What is the last digit of 2 5014?

What is the last digit of 2 5014?

Powers of 2 (starting from 2^1) are 2, 4, 8, 16, 32, 64, 128, 256, 512, 1024, 2048, … We can notice that the last digits are 2, 4, 8, 6, 2, 4, 8, 6, 2, 4, 8, …

How do you find what power of 2 A number is?

Explanation. A simple method for this is to simply take the log of the number on base 2 and if you get an integer then the number is the power of 2.

What are the last two digits of 7 to the power 2008?

Find the last two digits of 72008 (CAT 2008) So, the last two digits are 01.

What is the last digit of 5 power 2020?

Answer: the last digit of 5 to the power of 2020 is 25 because 5^6=78125 you will observe that any number will have 25 as the last two digits. And the pattern will repeat till 5^100.

What is the last digit of 7 power 100?

so the last digit of 7100 is 1.

What is the last digit of 7 355?

Fermat: Last two digits of 7355 Since the answer is 7355≡3(mod5), the last digit is either 3 or 8. Since 7 is odd, the answer will clearly be odd, so 3 is it.

What is 2 the power of 3?

Answer: 2 raised to the third power is equal to 23 = 8. Explanation: 2 to the 3rd power can be written as 23 = 2 × 2 × 2, as 2 is multiplied by itself 3 times. Here, 2 is called the “base” and 3 is called the “exponent” or “power.”

How to find the last digits of a large power?

A common exercise in number theory is to find the last digits of a large power, like 2 2009, without using a computer. 2 2009 is a 605-digit number, so evaluating it by hand is out of the question. So how do you find its last digits — efficiently?

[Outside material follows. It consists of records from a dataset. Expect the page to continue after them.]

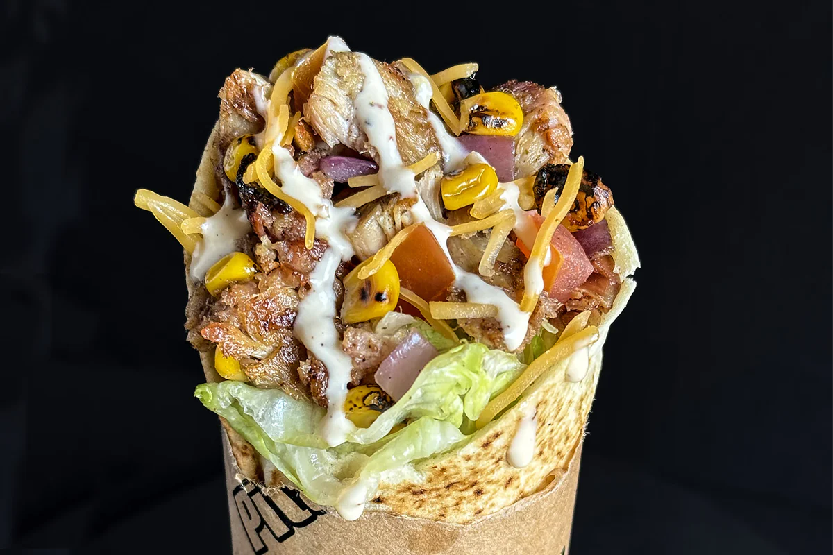 Pita sandwich Lunch Boxes include a sandwich, chips and a cookie. Salad and Brown Rice Quinoa Lunch Boxes include a salad OR Brown Rice Quinoa Bowl, pita wedges and a cookie. Seasoned pork, shredded lettuce, grilled onions, grilled corn, tomatoes, cheddar cheese and jalapeno ranch dressing.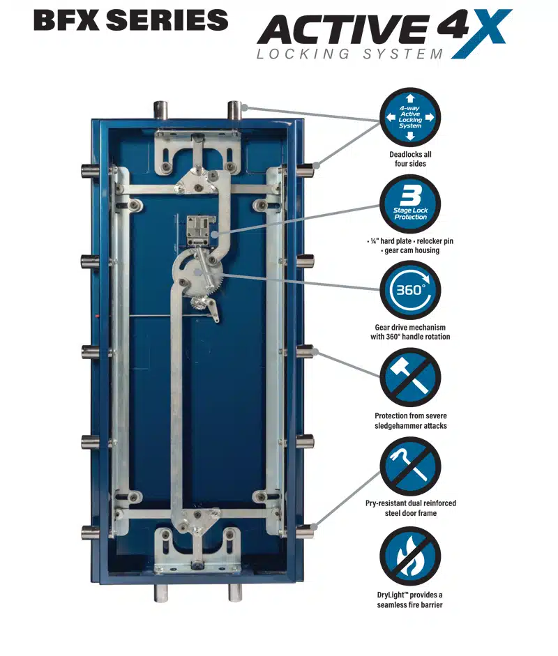 FeaturesDual Reinforced Door Frame; Anchor Holes Provided; Active 4X Locking System; Dual Door Seals to Protect Against Fire and Smoke; Industry’s Most Flexible Interior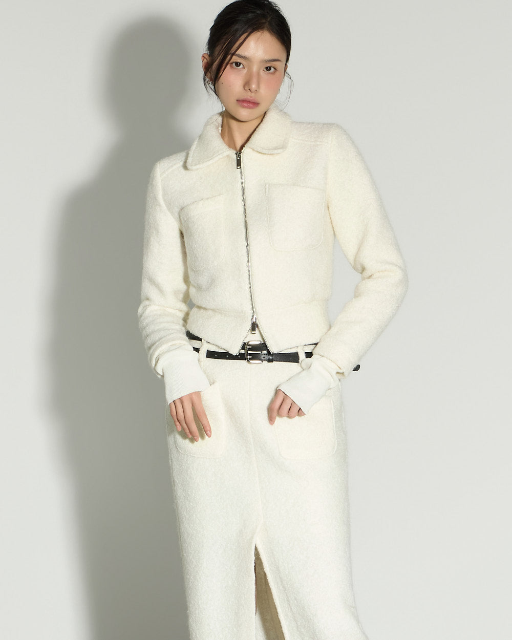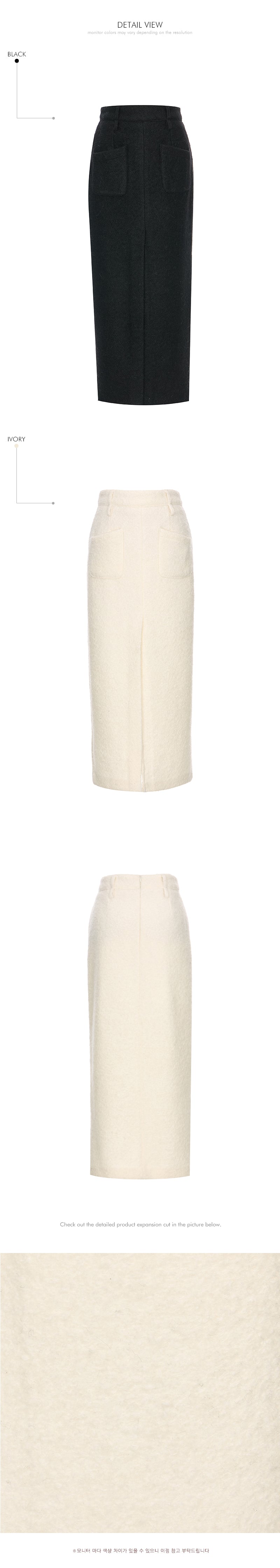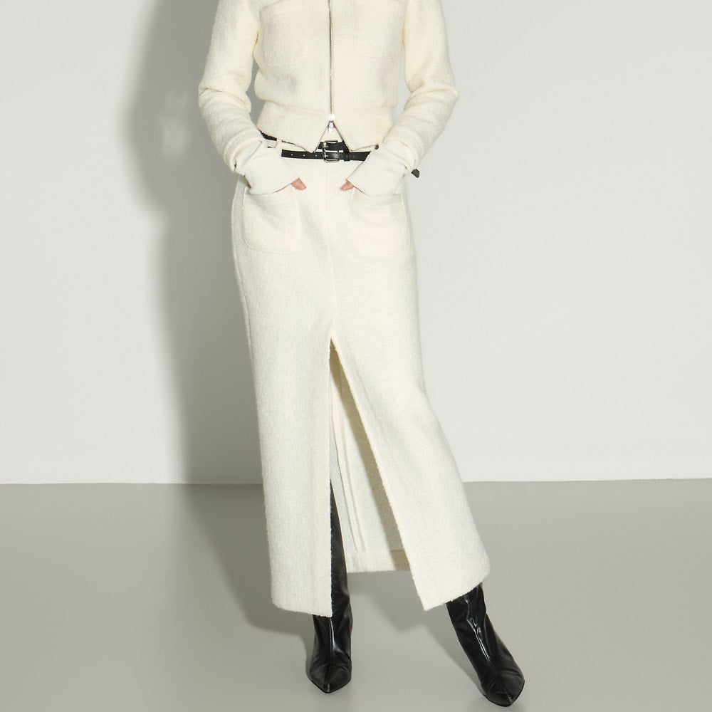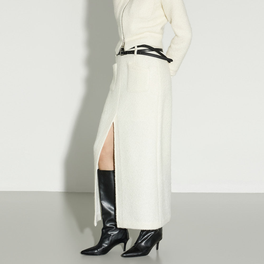 A minimalist terry wool slit skirt with a clean, refined mood.

Is there a power of two that ends in 02?

Although there is no power of two that ends in 02, we can use any two-digit ending that is a power of two; we just convert it to 2 y using the laws of exponents. Let’s go back to our example, 2 2009.

Which is the last digit of 2 N?

The last m digits of 2 n are the digits in the table with the label corresponding to that remainder. For example, let’s find the last digit of 2 2009. The last digit of the positive powers of two cycles with length 4, and . According to the table, a remainder of 1 corresponds to a last digit of 2.

How to print the last k digits of a ^ B?

First Calculate a^b, then take last k digits by taking modulo with 10^k. Above solution fails when a^b is too large, as we can hold at most 2^64 -1 in C/C++. The efficient way is to keep only k digits after every multiplication.